Early-onset Parkinson’s disease (EOPD) is a movement disorder caused by loss of specific neurons in the midbrain that are responsible for fine motor control. Mutations in the ubiquitin ligase parkin and the kinase PINK1 (which work together to target degradation of damaged mitochondria) cause EOPD, as mitochondrial homeostasis is crucial for neuronal survival. Upon mitochondrial damage, PINK1 accumulates on the outer mitochondrial membrane, where it phosphorylates ubiquitin and ubiquitin-like (Ubl) domains. Phospho-ubiquitin (pUb) then recruits parkin to the outer mitochondrial membrane where parkin is phosphorylated. This leads to the damaged organelle being targeted for degradation. Mutations in the Ubl domain of parkin can reduce PINK1-mediated activation. Compounds that can activate parkin without the need for Ubl are therefore sought after for treatment of EOPD.

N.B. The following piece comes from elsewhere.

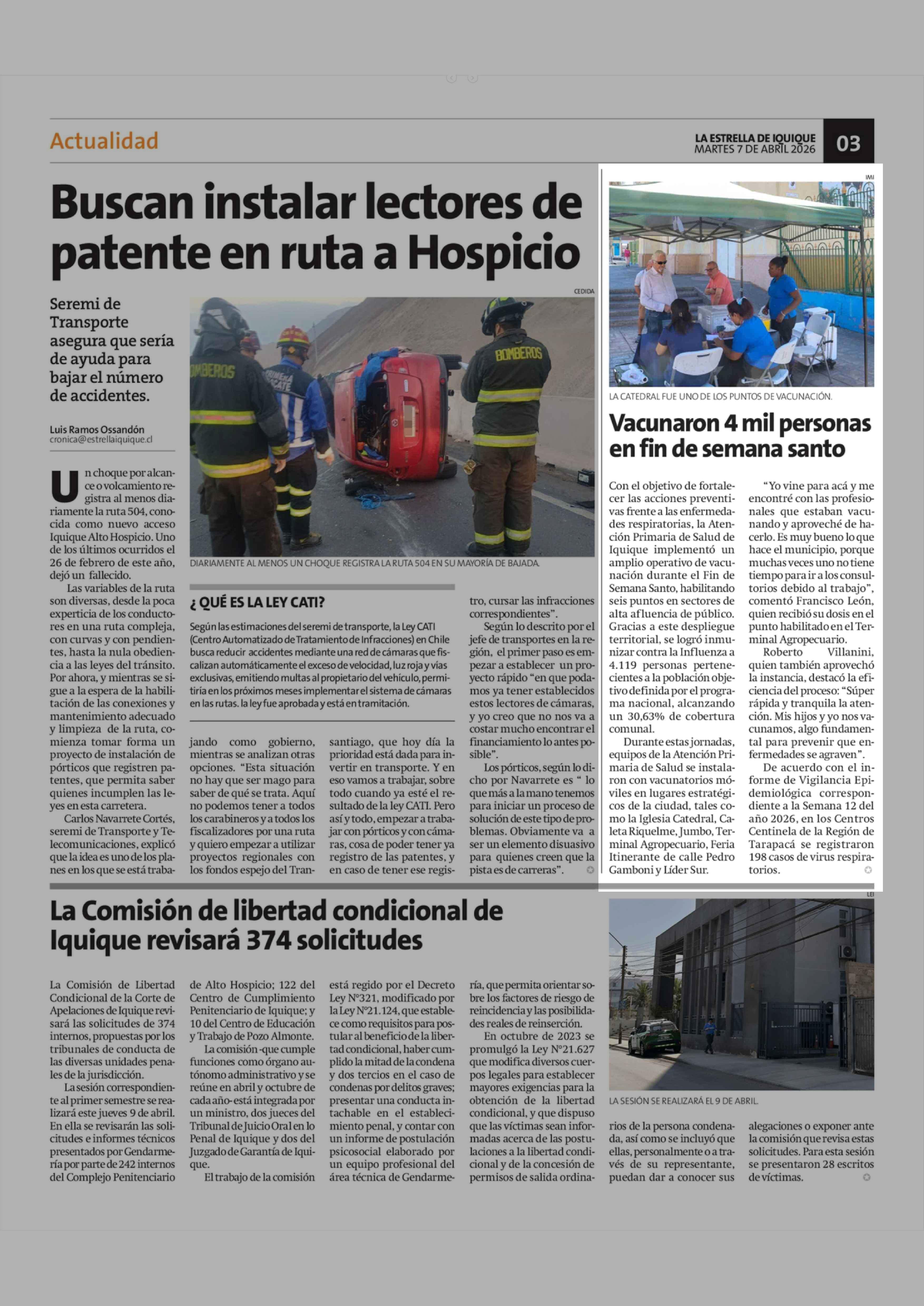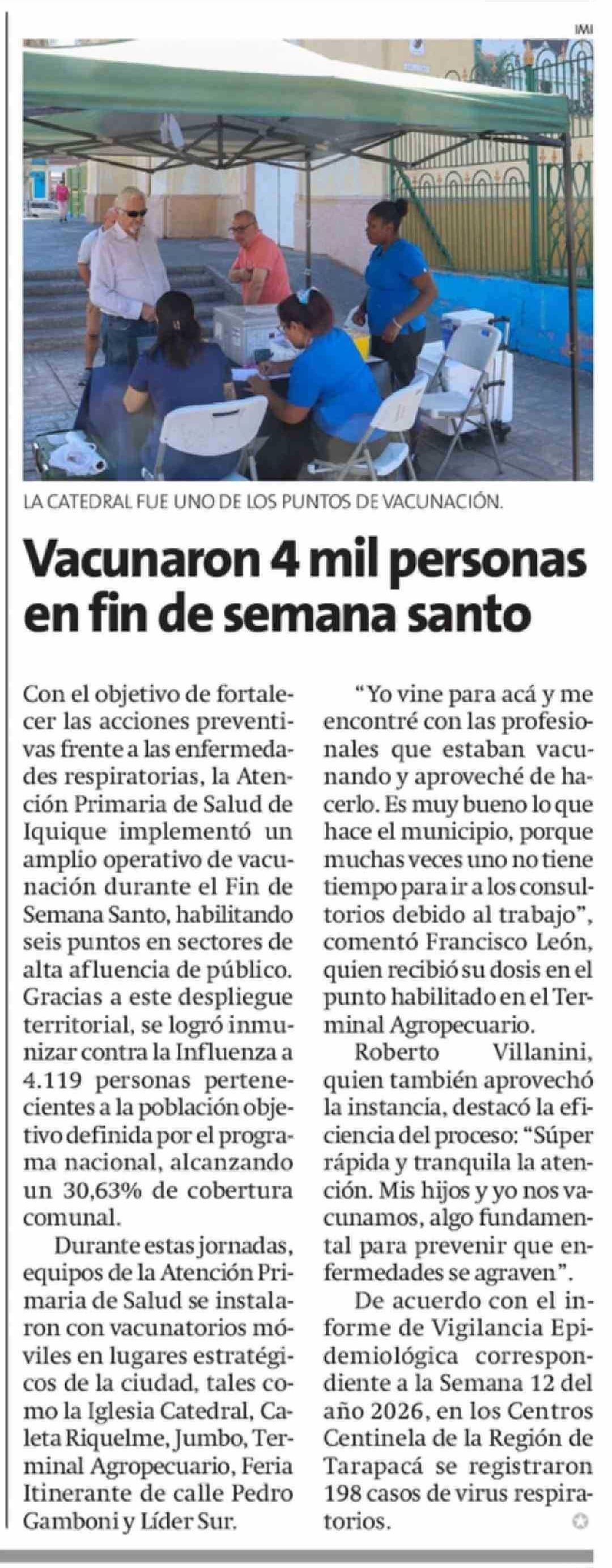 Vacunaron 4 mil personas en fin de semana santo 07-04-2026 La Estrella de Iquique |

Now, Sauvé et al. have shown that a small molecule allosteric modulator can act as a molecular glue to enhance the ability of pUb to activate parkin. The small molecule (called BIO-2007817) works by gluing pUb (or pUbl) to a zinc-finger domain of parkin called RING0, thus indirectly activating parkin. Further experiments confirmed that BIO-2007817 can trigger autoubiquitination of unphosphorylated parkin lacking a Ubl, and that presence of pUb was sufficient. Crystal structure studies revealed the binding orientation of BIO-2007817, confirming the mechanism of action. Finally, in organello ubiquitination and cellular mitophagy assays show how BIO-2007817 can partially rescue pathogenic parkin mutations R42P and V56E, which are associated with EOPD. These findings could help develop therapeutics for treating EOPD, particularly that caused by mutations affecting PINK1-mediated activation of parkin.

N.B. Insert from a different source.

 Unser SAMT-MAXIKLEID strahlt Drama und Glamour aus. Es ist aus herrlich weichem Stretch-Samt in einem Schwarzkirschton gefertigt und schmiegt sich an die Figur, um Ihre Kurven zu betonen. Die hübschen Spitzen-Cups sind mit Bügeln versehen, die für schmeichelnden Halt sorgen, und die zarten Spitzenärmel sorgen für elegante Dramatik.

早发性帕金森病 （EOPD） 是一种运动障碍，由中脑中负责精细运动控制的特定神经元的缺失引起。泛素连接酶 parkin 和激酶 PINK1 的突变（它们共同作用以靶向受损线粒体的降解）会导致 EOPD，因为线粒体稳态对神经元存活至关重要。线粒体损伤后，PINK1 在线粒体外膜上积累，在那里磷酸化泛素和泛素样 （Ubl） 结构域。然后，磷酸泛素 （pUb） 将 parkin 募集到线粒体外膜，parkin 被磷酸化。这导致受损的细胞器成为降解的目标。parkin 的 Ubl 结构域突变可以减少 PINK1 介导的激活。因此，无需 Ubl 即可激活 parkin 的化合物被用于治疗 EOPD。

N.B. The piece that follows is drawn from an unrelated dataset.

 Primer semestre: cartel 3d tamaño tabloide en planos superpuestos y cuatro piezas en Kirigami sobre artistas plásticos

现在，Sauvé 等人已经证明，小分子变构调节剂可以作为分子胶来增强 pUb 激活 parkin 的能力。这种小分子（称为 BIO-2007817）的工作原理是将 pUb（或 pUbl）粘附到 parkin 的锌指结构域（称为 RING0）上，从而间接激活 parkin。进一步的实验证实，BIO-2007817 可以触发缺乏 Ubl 的未磷酸化 parkin 的自泛素化，并且 pUb 的存在就足够了。晶体结构研究揭示了 BIO-2007817 的结合方向，证实了其作用机制。最后，在细胞器泛素化和细胞线粒体自噬测定中，BIO-2007817 如何部分挽救与 EOPD 相关的致病性 parkin 突变 R42P 和 V56E。这些发现可能有助于开发治疗 EOPD 的治疗方法，特别是由影响 PINK1 介导的 parkin 激活的突变引起的治疗方法。